In 2011, a satirical website called dowrycalculator.com was created by (then) student (now film critic) Tanul Thakur which offered to calculate dowries based on characteristics of the groom. Quips like ‘Pitch Black (Not visible on a Moonless night)’ and ‘Wheatish (Almost white. Would need some fair n lovely)’ were present on the site when describing the skin colour of the groom, according to Thakur’s petition. The site also had a dedication to “all the match-making aunties of India.”

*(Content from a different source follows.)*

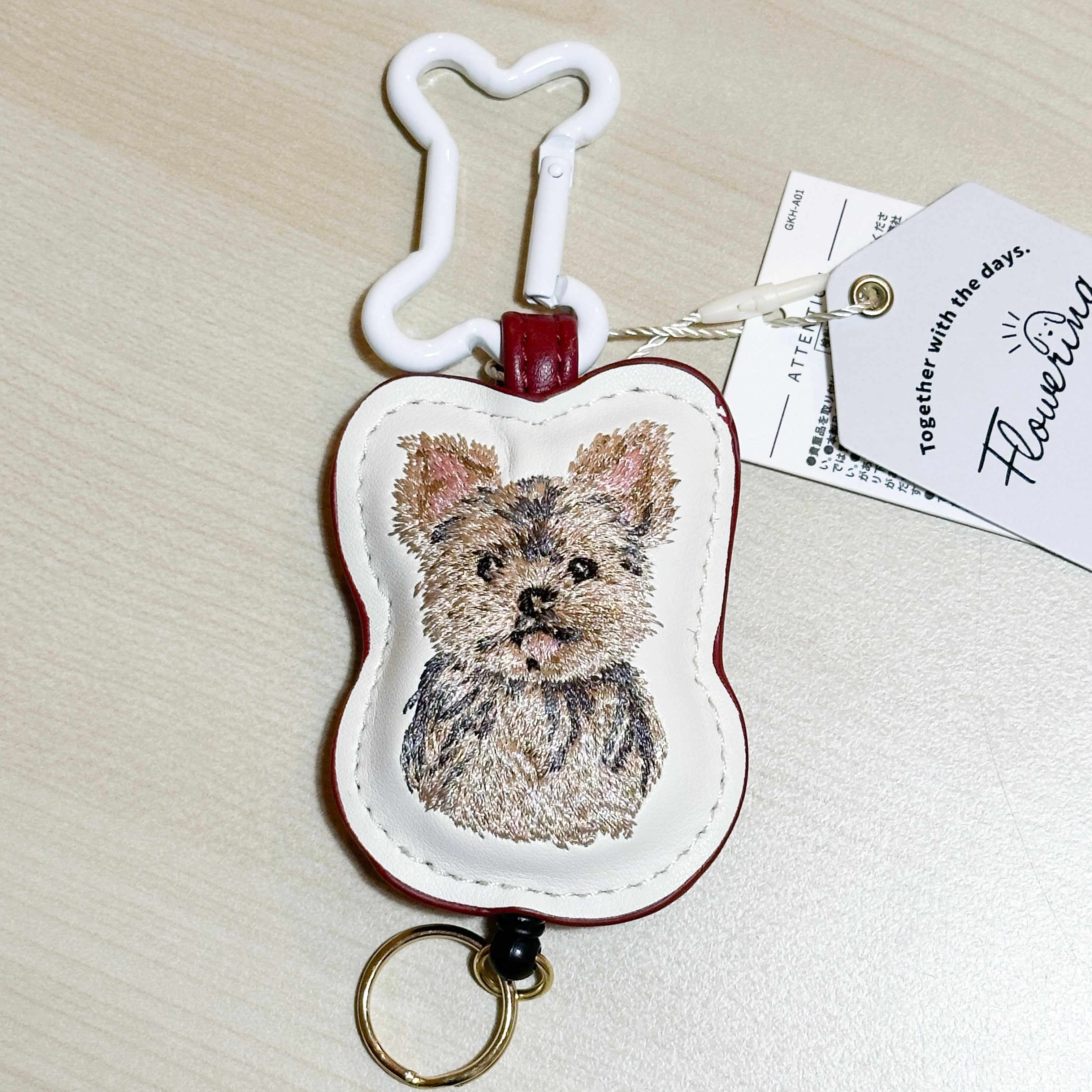 綿入りの合成皮革に、わんこのリアルな刺繍がかわいい骨型カラビナ付きリールチャーム。

In 2018, politician Jyotiraditya Scindia asked then-Union Minister of Women and Child Development Maneka Gandhi to take action against the site. Gandhi wrote to then-IT Minister Ravi Shankar Prasad asking to have the site blocked as its “content is illegal and portrays country in poor light.” Around September 2018, a message saying “Your requested URL has been blocked as per the directions received from Department of Telecommunications, Government of India. Please contact administrator for more information” began showing up on the site, according to the petition.

In 2019, Thakur filed an RTI application seeking details and was told that the site was blocked under Section 69A. “The committee (committee set up under Blocking Rules, 2009) examined the content and in the interest of preventing incitement to the commission of any cognisable relating to public order recommended blocking of URL,” read the RTI response as cited in the petition. In December that year, Thakur filed a writ petition in the Delhi High Court alleging violation of his fundamental rights of freedom of speech and expression.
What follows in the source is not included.